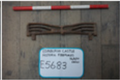
2313 ECHF (067)....
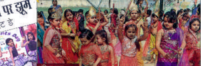
राइजिंग चाइल्ड स्कूल में मनाया गया बौद्ध पैरेट डे।

राइजिंग चाइल्ड स्कूल में मनाया गया बौद्ध पैरेट डे... बच्चों ने बौद्ध धर्म के बारे में जानकारी बढ़ाई।
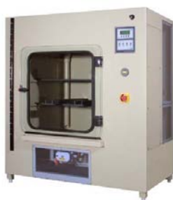
Vertical and Horizontal Salt spray chambers, 8 Models Full range of options for continuous and cycling test.
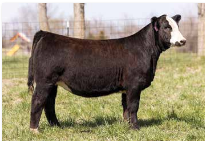
Lot 13 RUBYS RHYTHM J1110

Extra power and length of body in this Currency daughter. She is big footed and big legged and long necked. One that is a bit later in her maturity pattern. I love all her pieces and think her best days will be as a bred female next summer. She is plenty good right now, but I think her future is really bright.
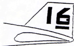
PLACEMENT ON STRAIGHT TAIL

NUMBER LOCATIONS: ON BOTH SIDES OF WINGS AND TAIL. THAT IS A TOTAL OF FOUR LOCATIONS

What the exercise asks » Collect every line with the string "TAIL" from the records, and copy each.

Reply »
PLACEMENT ON STRAIGHT TAIL
NUMBER LOCATIONS: ON BOTH SIDES OF WINGS AND TAIL. THAT IS A TOTAL OF FOUR LOCATIONS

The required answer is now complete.